The sheer complexity of social problems at local and national level can leave public servants, volunteer groups, social entrepreneurs and others feeling powerless. Of course there are a multitude of successful case studies, ‘best practice’ and promising ideas, but it can be difficult (arguably impossible) to adapt ‘solutions’ that have worked in one instance to new contexts with different characteristics.

Dave Snowden and Mary Boone argue in their 2007 article for Harvard Business Review (requires a subscription) that relying on ‘best practice’ is powerless to tackle problems in complex systems. They compare simple, complicated and complex structures and show that unlike the other two, complex systems are dynamic, and comprise large numbers of elements interacting with each other in unpredictable ways. Rather than imposing fixes, Snowden and Boone suggest that trouble-shooters in such a situation must step back and allow potential solutions to emerge.

Their paper is a persuasive argument against best practice and challenges the orthodoxy of ‘evidence based policymaking’ – but I don’t think it means public servants faced with tricky problems in complex systems must always start from a blank sheet.

For example, technical innovators often solve simple and complicated problems by applying past solutions, but also learn from the past in order to solve complex problems. However rather than directly deploying a known fix (likely to fail for the reasons above), they use abstract principles derived from past solutions. This allows past solutions to inform new ideas indirectly.

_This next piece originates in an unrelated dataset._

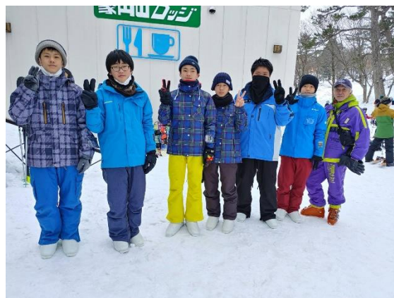
五箇中学校スキー教室
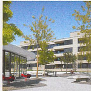
Wohnüberbauung Katzenbach II, Zürich

For example, databases of granted patents (which contain novel solutions to technical problems) were analysed to develop the TRIZ problem-solving system. Similarly, Christopher Alexander’s A Pattern Language presents a typology of architectural principles that allow others to solve problems in the built environment. Design firm IDEO publish Patterns, recording recurring insights gleaned from past design projects as an aide-memoire.

So could a similar set of principles be devised to solve social problems across different contexts? Perhaps through a meta-analysis of policies, programmes and interventions that showed some success (with reference to the characteristics of the environment in which they worked), more abstract pointers could be developed that give public servants a starting point, or some promising lines of enquiry.

Good idea or a silly one? Perhaps such a database and set of principles already exists? Would the methodology work, or should it be done in a different way? I’d love to hear your thoughts!